I think that the article is trying to indicate that, e.g., a Möbius strip has a definable total area. Furthermore, despite the lack of a volume form, one could define a mass density on a non-orientable manifold and then integrate it to get a total mass. Whether the article is conveying these ideas properly is a separate question. Leegrc (talk) 17:10, 22 May 2015 (UTC)[reply]
Understood that defining an integrable quantity has value, but I'm not convinced that this construction is mathematically consistent: the definition of integration itself needs to be modified to ignore orientation of the volume element to achieve consistency. The problem becomes more obvious if you consider something like a charge density (i.e. something that can be positive and negative), and then try to integrate it globally. A simpler and more natural construction is to integrate an n-form defined on the double cover of the manifold. My concern is to avoid the claim that a volume element is defined globally while a volume form is not. The examples should also be separated into the two types (as per the lead's two definitions). This is a tricky area, however. —Quondum 17:38, 22 May 2015 (UTC)[reply]

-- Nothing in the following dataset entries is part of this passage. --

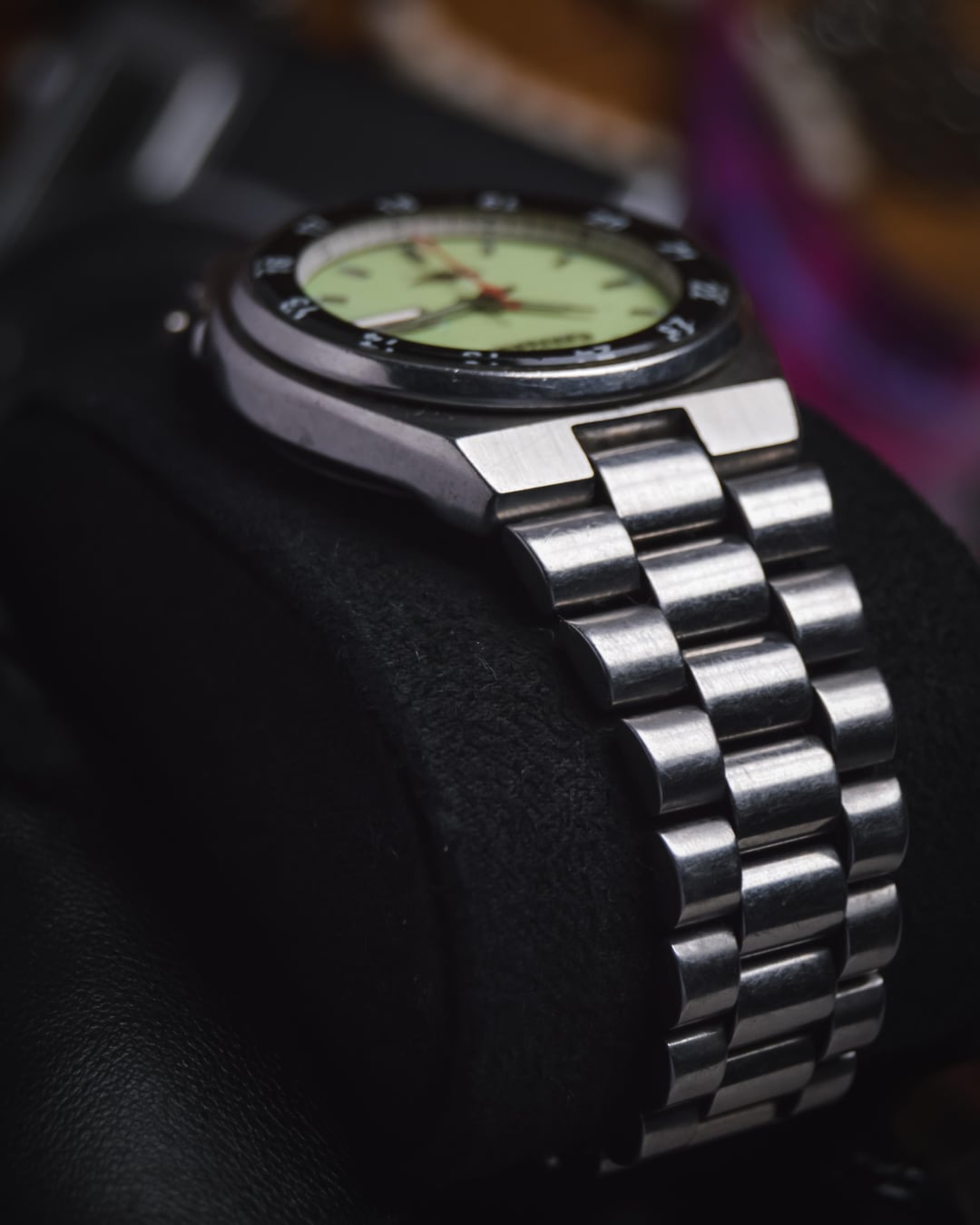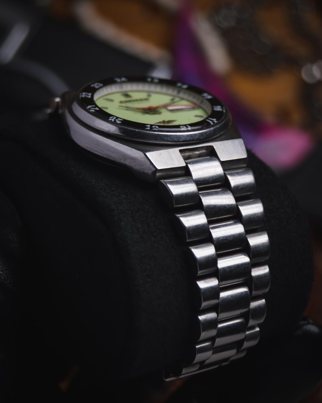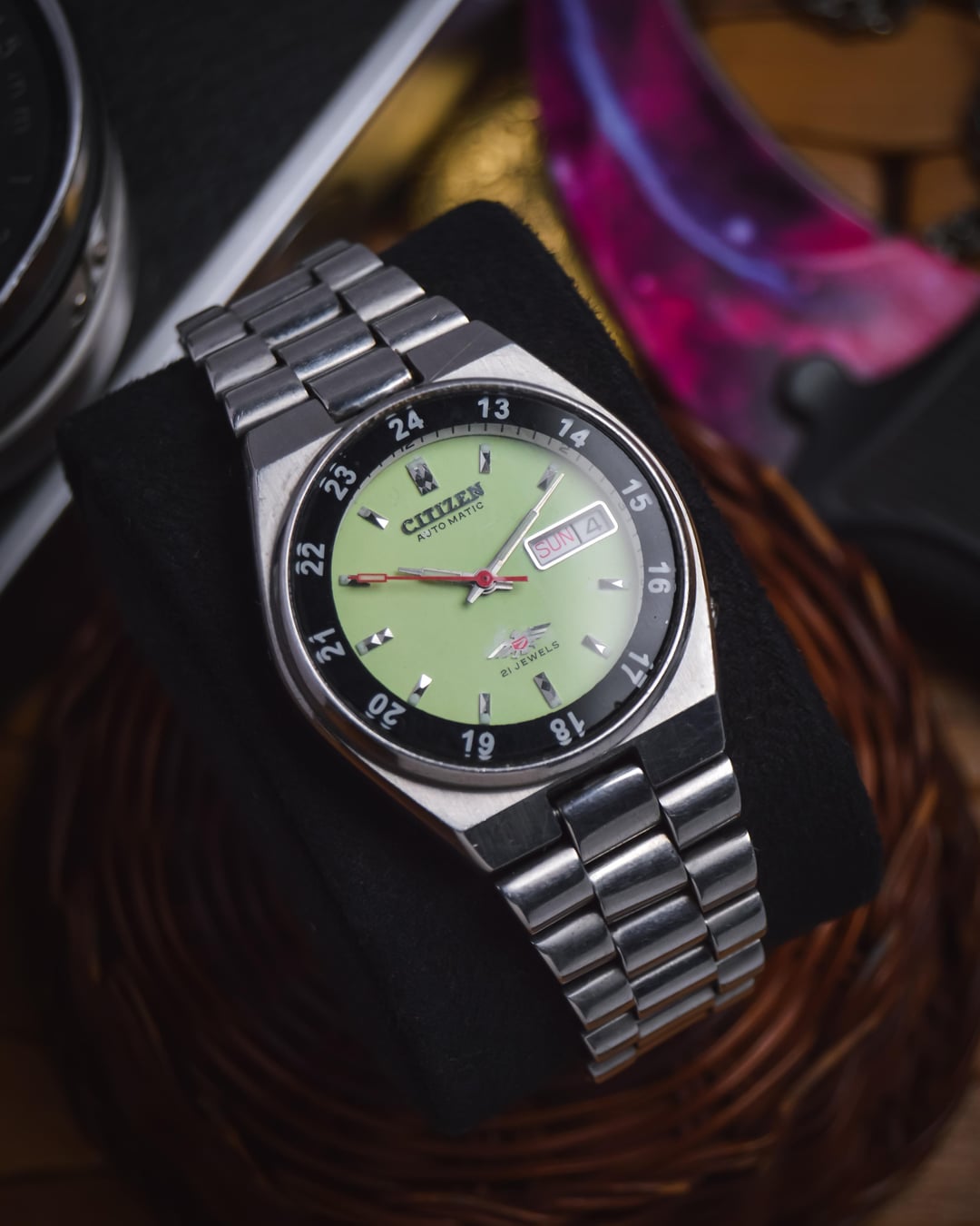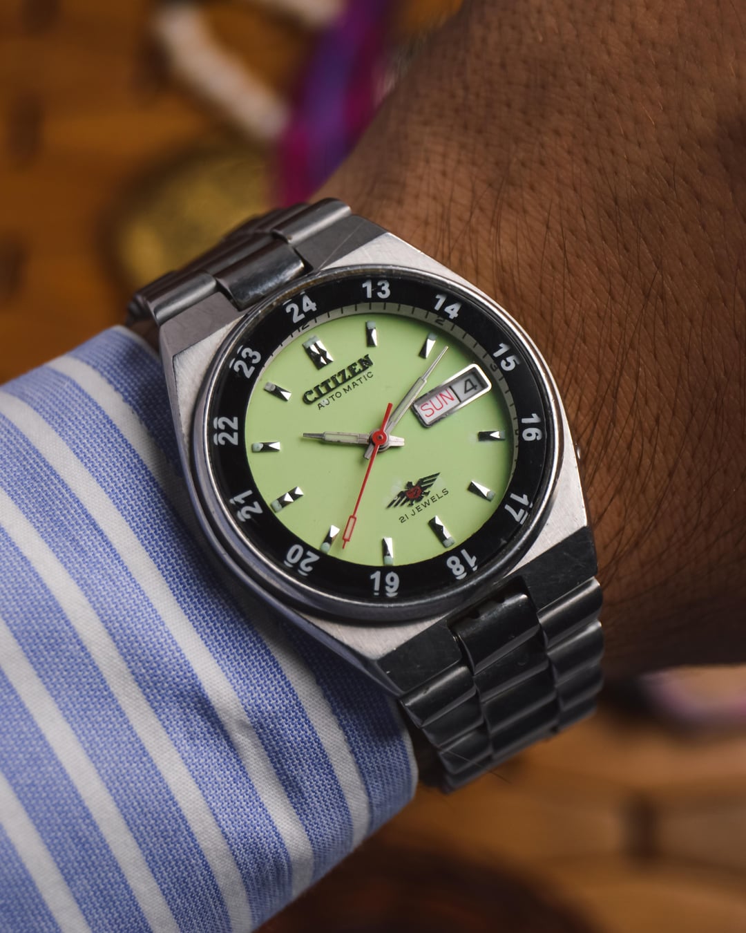 [Timestamp](https://postimg.cc/qN56yrGt) Hey Watchexchange! Up for sale is a **1992 Citizen Eagle 7 ref. 4-R13787**, a vintage automatic that perfectly captures the bold styling of early ’90s Citizen design. This particular example is especially fun thanks to its **luminous railway-time dial** — a quirky, practical feature that glows across the whole face when charged, making it a true conversation starter. The dial itself is a vibrant pale green with a full 24-hour track on the outer black ring. Applied **silver indices and syringe hands** give it a sharp, legible layout, while the red seconds hand and day/date at 3 o’clock add that extra pop of character. It runs on the robust **21-jewel Cal. 8200 automatic** — built by Miyota, Citizen’s own subsidiary — a movement known for reliability and longevity. Condition-wise, the watch remains unpolished till the date, keeping its original factory lines and edges. The crystal has been replaced with a new mineral glass for a cleaner look, while the original Citizen bracelet is still intact and wears comfortably. 🔹 **Dimensions** • Case Diameter: ***36mm*** **(without crown)** • Thickness: ***10mm*** • Lug Width: ***10mm*** **(integrated bracelet)** 💵 **Price:** $99 + shipping 🚢 **Shipping:** UPS (Worldwide) 📦 **Payment:** PayPal F&F or G&S (+4.5% fee paid by the buyer) or **bank wire**(US banks accepted) 📩 DM me for more pics or a custom timestamp. A true vintage Citizen oddball with its lume dial + railway time layout, this Eagle 7 makes for a unique and wearable collector’s piece. Follow my **Instagram** page through the link in my Reddit profile to see more vintage pieces and upcoming listings.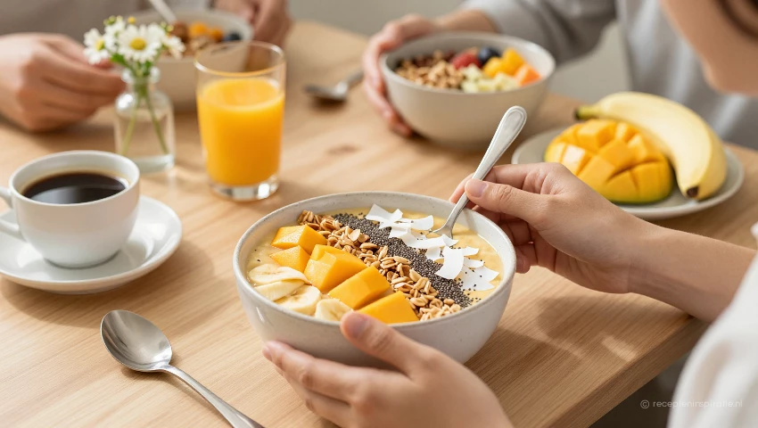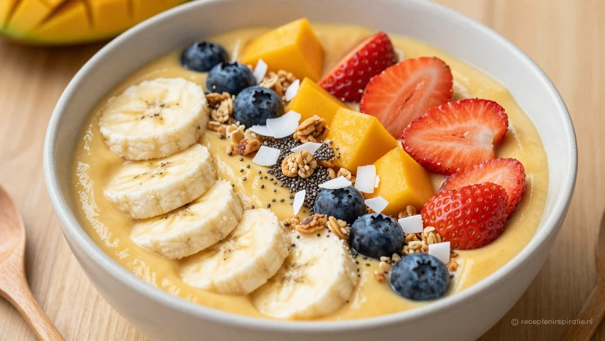 Deze vegan smoothiebowl met mango, banaan en chiazaad is een heerlijke en gezonde start van de dag. Het is een makkelijk te maken ontbijt vol vitamines en vezels, perfect voor een energieke ochtend.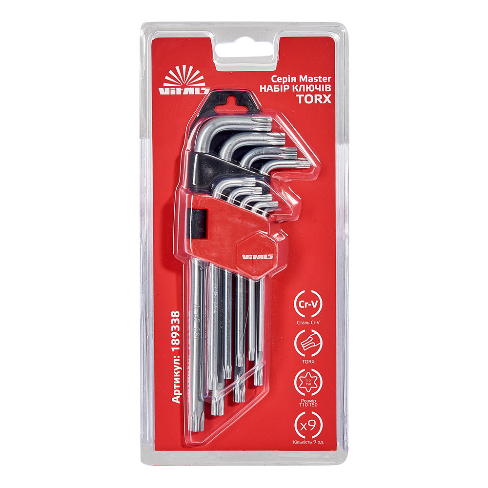 Опис набору ключів шестигранних Torx 9 шт. Т10–Т50 Vitals Master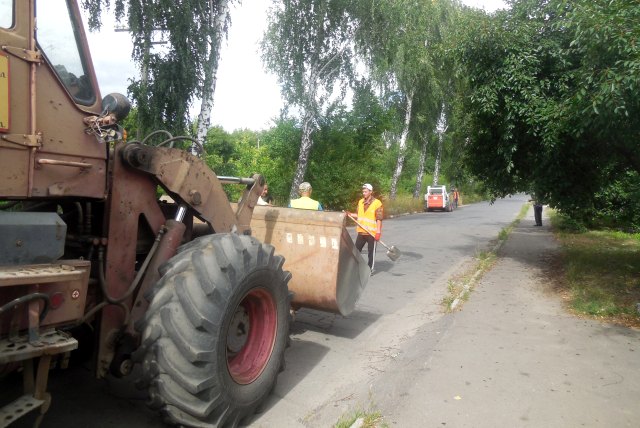 Сьогодні на окремих вулицях Ватутіного містяни спостерігали за злагодженою роботою робітників ПП «Регіон плюс», які проводили підготовчі роботи до асфальтування дорожнього покриття.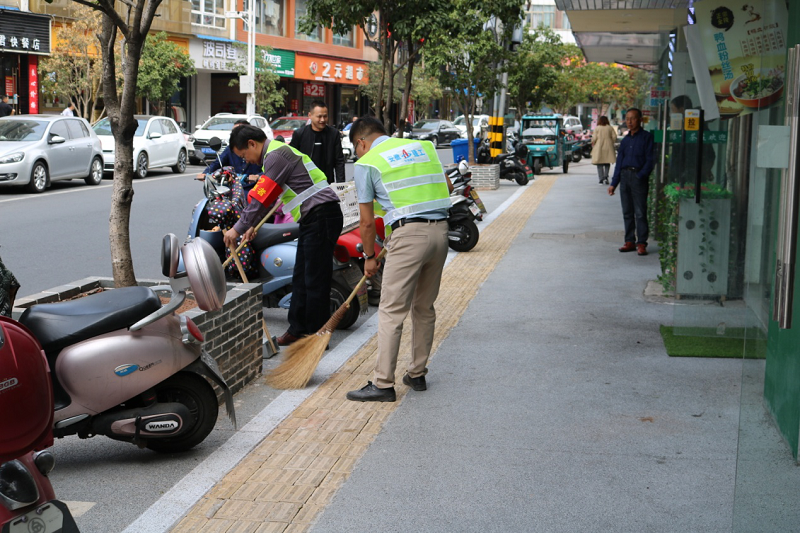 志愿者們分組合作,對(duì)街道進(jìn)行分段清掃,有的清理施工垃圾,有的清掃路面垃圾和落葉,干得熱火朝天。活動(dòng)中,黨員同志們沖在前、干在前,臟活累活搶著干,青年志愿者們奮勇爭(zhēng)先,不留死角地做好清掃工作。整整一個(gè)上午,志愿者們用辛勤勞動(dòng)換來(lái)干凈整潔的街道,獲得周邊居民一致好評(píng)。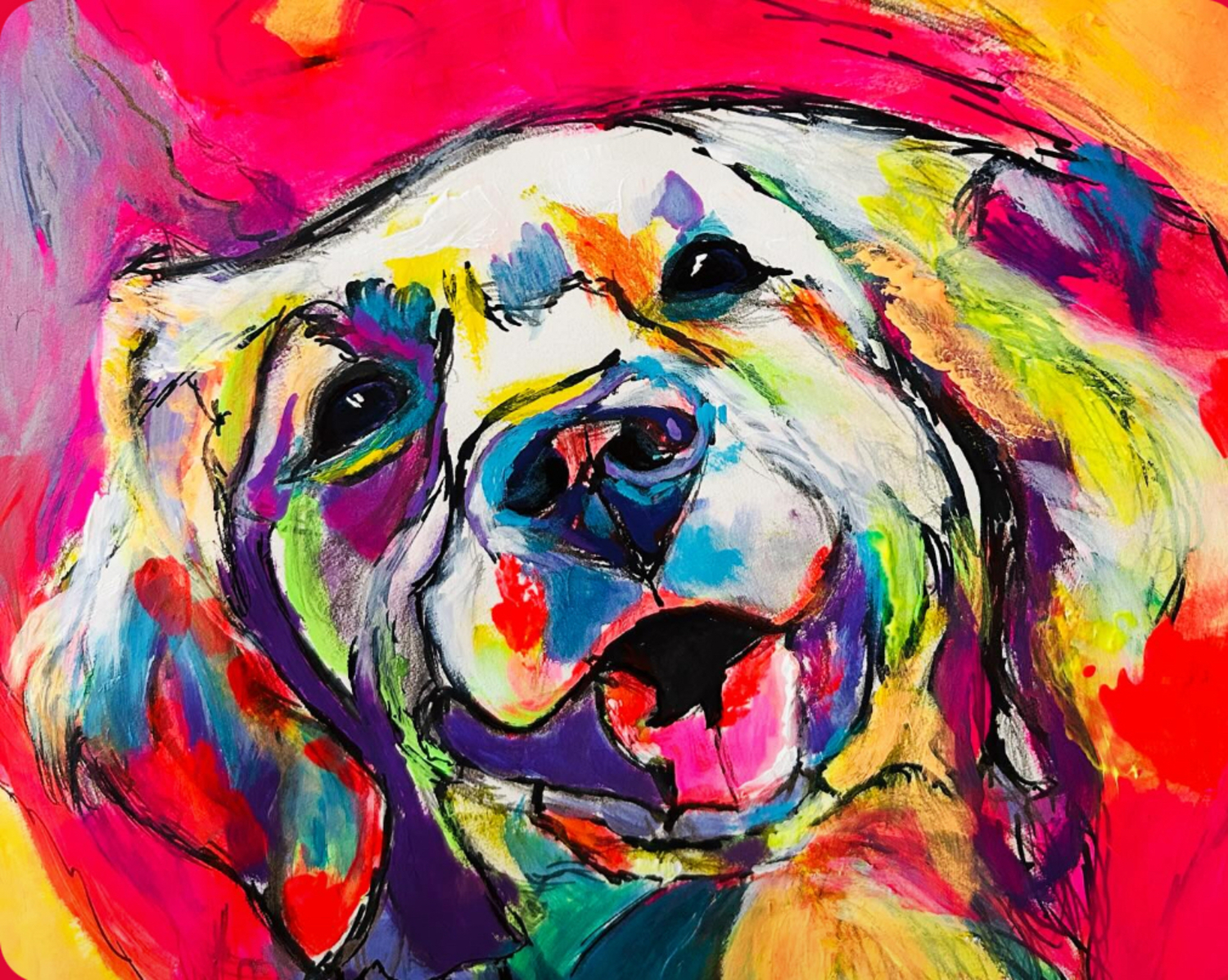 Black outlines sharpen the facial features-eyes, nose, and mouth-giving the subject a lively, almost animated expression. The background bursts with hot pink and orange hues that amplify the energetic atmosphere, emphasizing the artist’s focus on colorful, joyful pet portraiture.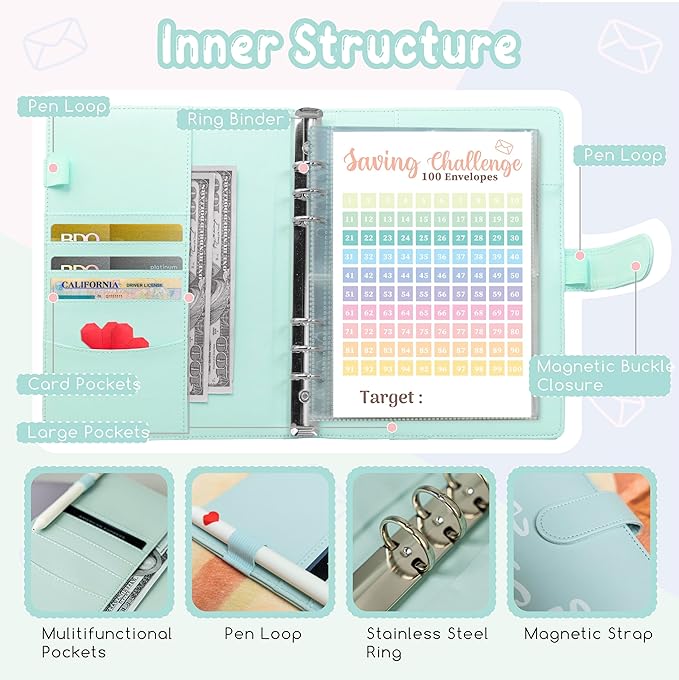 - 【Multifunctional Budget Organiser】 Beyond just cash, this binder offers sleeves for small inserts, accommodating cards, pens, bills, receipts, and notes. Whether your goal is $5,000, $5,050, or even a modest $50, this binder is designed to meet all your savings milestones.
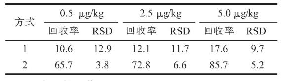 由表2得知,二種標(biāo)曲制作方法的線性相關(guān)優(yōu)良,但各濃度值點(diǎn)峰總面積區(qū)別很大,方法1是方法2相匹配規(guī)范濃度值點(diǎn)峰總面積的3~5倍,說明受試品前處理方式的危害,總體目標(biāo)物損害比較顯著。為進(jìn)一步認(rèn)證二種標(biāo)曲制作方法的適用范圍,在線形范疇內(nèi)挑選0.5、2.5、5.0μg/kg水準(zhǔn)加標(biāo)濃度值(每一個(gè)濃度值點(diǎn)平行測(cè)定6次),依照本實(shí)驗(yàn)所挑選的固相萃取法實(shí)現(xiàn)前解決后上機(jī)操作檢驗(yàn),各自帶入以上兩根標(biāo)曲開展線性擬合,考察利用率和相對(duì)性相對(duì)標(biāo)準(zhǔn)偏差,結(jié)果見表3。

I think that charge density is not any harder than mass; I can imagine a Möbius strip with positive and negative charges on it and ask what is its net charge. I agree that the double-cover approach allows one to side-step this business of volume form vs. volume element, but I am still hopeful that there is a textbook way to accurately describe the volume element approach too. Leegrc (talk) 19:09, 22 May 2015 (UTC)[reply]
Sorry, I was overly cryptic. In a non-orientable Möbius strip universe (with a time dimension), switching the orientation by traveling around the loop changes the sign of the charge from the perspective of the flipped observer, so the net charge is inherently zero once you integrate twice round the strip. This holds for any true density, with or without a time dimension. I don't think there is any way around the conundrum, but would be happy to see a coherent account refuting this. Or even a well-sources claim that a volume element can be integrated globally on a non-orientable manifold (in a way that does not always give zero). —Quondum 20:40, 22 May 2015 (UTC)[reply]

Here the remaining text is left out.